They may have quashed the protest, but at what ultimate cost? The reputation damage has happened and people have definitely left. Lemmy saw some significant growth. I'm new to Lemmy but so far it definitely feels like what I enjoyed about reddit without all of the corporate bullshit. It's nice not seeing shit-take ads either.
I used to use Boost all the time, and browsed the site when I was on my computer. Now that I can't access it from my phone (the first party app isn't happening lmao) I don't feel much like using it on desktop either. Tumblr, of all things, has absorbed much of my traffic, and I've paid to remove ads on it because I've used it so much over the last ten years that I know it'll be worth it, plus I'm hoping that if enough people pay for it they won't go down the monetization rabbit hole as much as other sites have recently.

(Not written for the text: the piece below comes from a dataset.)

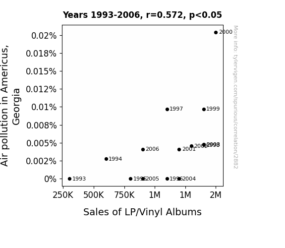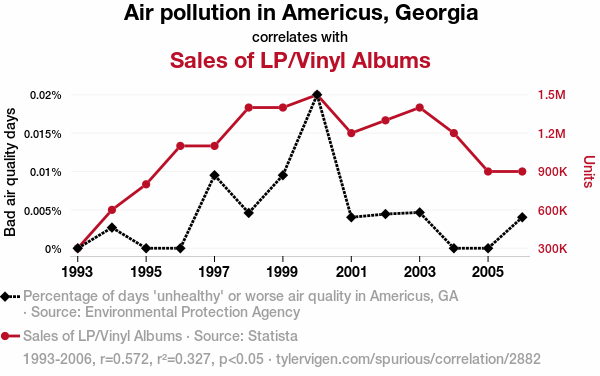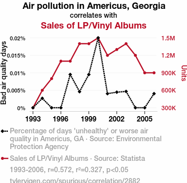 - The spurious research paper: Spin Me Round: The Vinyl Frontier – Exploring the Correlation between Air Pollution in Americus, Georgia and Sales of LP/Vinyl Albums

Lemmy is okay, but the hot/active post sorting is far worse than Reddit was (I'm still seeing days- old posts even when set to All) and the user base just isn't large enough yet to have a consistent feed of stuff I find interesting. Both of those can easily change over the coming days/weeks of course.
All social media platforms' viability come down to userbase and how fun they are to hang out on, and reddit has absolutely damaged both. It's unclear to me what impact that will have for it long-term, but its time as the problematic but scrappy underdog in the space is over.
Hot and active are kinda busted, sort by new comments.